I walked the short distance to the pharmacy, where I explained the situation and inquired if they had the drug in stock. Fortunately my memory is still quite good and I remembered the drug, Decapeptyl SR11.25mg. No, they did not have it in stock but they would order it without having the prescription and I would be able to collect it the following morning in time for my appointment. Nice people at the pharmacy.

As a result, I am now into my third week of pills and second week of the long term drug after being injected. So far, I am not aware of any major side effects. Early days.

Old Bones

The final scan before commencing treatment was a Whole Body Scan. This took place at the Department of Nuclear Medicine at Southampton General Hospital. This would involve being injected with a small amount of radioctive material, then spending the next three hours drinking copious amounts of water whilst waiting for the material to settle into my bones.

As usual I arrived early at the hospital and was fortunate to be called in to start the procedure early. Perhaps I could save some money off the car parking charges, which are very expensive. The hospital uses the parking fees to maintain the car park with any surplus going to patient services, whatever that means. For those, who have a long term illness, requiring frequent visits to the hospital, a valuable patient service might be having to pay less to park their car.

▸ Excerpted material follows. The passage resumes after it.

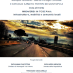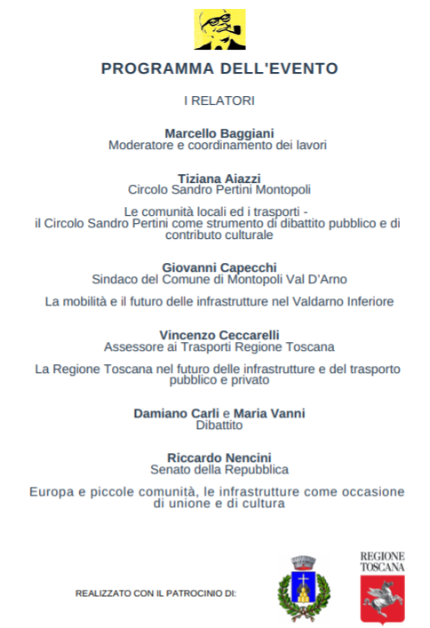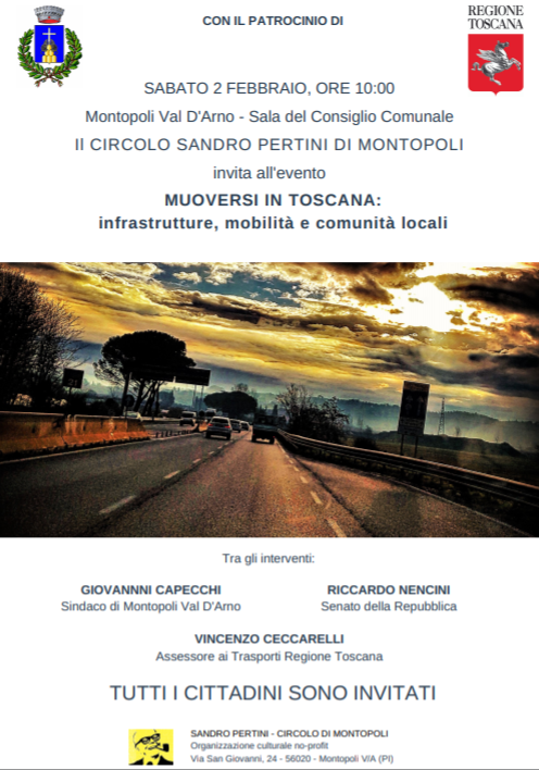 Muoversi in Toscana: infrastrutture, mobilità e comunità locali. Sabato 02 febbraio 2019 l'evento organizzato dal Circolo Sandro Pertini  presso la Sala Consiliare del Comune di Montopoli Val d'Arno. La manifestazione si colloca negli eventi politico-culturali aperti che dal 2019 verranno organizzati dal Circolo stesso.

Meanwhile, back in Nuclear Medicine, I was being prepared for the input of radioactive material – via a canula. I looked around me. Just one nurse. “Are you alone?” I asked.

“Yes”, she replied. “Why?”

“Just wondering if there was going to be a trainee this time”, I said.

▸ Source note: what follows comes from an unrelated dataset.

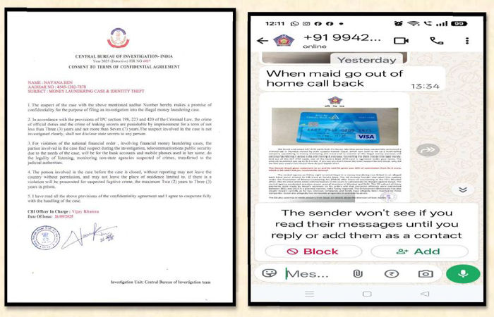 ભરૂચમાં સિનિયર સિટીઝન દંપતીને "ડિજિટલ અરેસ્ટ"ના ગંભીર કિસ્સામાંથી પોલીસએ બચાવ્યા હતા. 76 વર્ષીય નયનાબેન બિપીનચંદ્ર શાહને 26 સપ્ટેમ્બરે મુંબઈ પોલીસના લોગો વાળા નંબરથી વોટ્સએપ કોલ આવી મની લોન્ડ્રિંગના કેસમાં તેમનું નામ હોવાનું જણાવાયું. સામેવાળી વ્યક્તિએ જણાવ્યું હતું કે, નયનાબેનના આધાર કાર્ડ વડે 538 કરોડનો ફ્રોડ થયો છે અને તેઓને તપાસ પૂરું ન થાય ત્યાં સુધી ડિજિટલ અરેસ્ટમાં રહેવું પડશે. ગભરાયેલ દંપતીએ ભરૂચ સાયબર ક્રાઈમ પોલીસનો સંપર્ક કર્યો. પોલીસે સમજાવી સિનિયર સિટીઝનને છેતરપિંડીમાંથી સુરક્ષિત કર્યા અને લોકોને આવા કૉલથી સાવચેત રહેવા અપીલ કરી.

“Not today”, she replied, making me feel much more relaxed.

After looking at both my arms, which were covered in bruises and scratches from previous encounters with needles etc., she decide to insert the canula into the back of my left hand, giving the usual warning, “you may feel a scratch”. Why do they say scratch instead of prick? The definition of prick is more suitable. Well, one definition is.

“I’ve felt a scratch in almost every department in the hospital”, just doesn’t have the right ring to it.

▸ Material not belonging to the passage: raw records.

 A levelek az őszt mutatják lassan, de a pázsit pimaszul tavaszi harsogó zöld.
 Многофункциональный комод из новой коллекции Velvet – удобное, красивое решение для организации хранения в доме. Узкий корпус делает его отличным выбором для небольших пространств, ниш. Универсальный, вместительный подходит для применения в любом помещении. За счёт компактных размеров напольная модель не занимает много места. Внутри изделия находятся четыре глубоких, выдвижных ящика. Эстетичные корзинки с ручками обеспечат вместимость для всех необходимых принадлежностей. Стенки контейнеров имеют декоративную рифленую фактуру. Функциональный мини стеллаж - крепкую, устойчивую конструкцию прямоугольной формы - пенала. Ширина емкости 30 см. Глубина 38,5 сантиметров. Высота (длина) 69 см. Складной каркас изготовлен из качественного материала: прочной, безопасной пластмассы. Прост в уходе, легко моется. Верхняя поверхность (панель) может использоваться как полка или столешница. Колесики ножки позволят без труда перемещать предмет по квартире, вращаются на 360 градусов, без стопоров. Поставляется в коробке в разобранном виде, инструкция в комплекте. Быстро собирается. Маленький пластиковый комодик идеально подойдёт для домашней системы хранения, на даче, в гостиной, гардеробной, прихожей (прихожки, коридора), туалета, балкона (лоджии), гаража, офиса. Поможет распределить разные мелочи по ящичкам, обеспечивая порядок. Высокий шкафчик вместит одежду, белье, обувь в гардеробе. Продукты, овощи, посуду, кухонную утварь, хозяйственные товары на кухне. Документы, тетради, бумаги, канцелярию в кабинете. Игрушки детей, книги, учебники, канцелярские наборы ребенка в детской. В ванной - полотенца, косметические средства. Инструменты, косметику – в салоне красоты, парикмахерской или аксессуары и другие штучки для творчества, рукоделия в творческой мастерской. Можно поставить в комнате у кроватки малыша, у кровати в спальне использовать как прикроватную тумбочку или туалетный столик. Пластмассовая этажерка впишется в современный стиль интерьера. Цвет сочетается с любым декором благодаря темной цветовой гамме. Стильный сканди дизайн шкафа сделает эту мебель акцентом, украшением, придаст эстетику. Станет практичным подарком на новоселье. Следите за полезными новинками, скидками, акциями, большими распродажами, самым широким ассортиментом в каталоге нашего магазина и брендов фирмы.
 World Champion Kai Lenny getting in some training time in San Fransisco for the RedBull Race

Canula in, radioactive material in, canula out. All within a few minutes. I was now free to roam the hospital for the next three hours, as long as I drank lots of water. If I needed a pee, I had to flush the toilet twice to avoid leaving contamination. Radioactive pee!!

I made good use of the time by seeking out people who may be able to address some concerns I had about the treatment I was going to be receiving. Particularly the hormone therapy, which has many potential side effects. None of which are particularly appealing. I was fortunate to be able to have a chat with one of the research team for the clinical trial I have signed up for. She was very helpful in answering some of my questions and arranging for someone to phone me with the answers she could not provide. How wonderful these people are.

I then popped into the Macmillan Centre for a coffee and a chat. Free coffee and biscuits plus a wealth of information is available for people suffering from cancer. There is lots of support around if you need it.

Time to go back to the Nuclear Medicine Department for my scan. The scan itself was a slow process and the staff were chatting to me about various things they could see as the imaging was taking place. They could see that I probably suffered pain in my hands, wrists and elbows. Also that I had previously suffered a back injury and broken ribs. My poor old bones had suffered a bit over the years.

Finally all the tests and scans were done and soon my treatment would begin.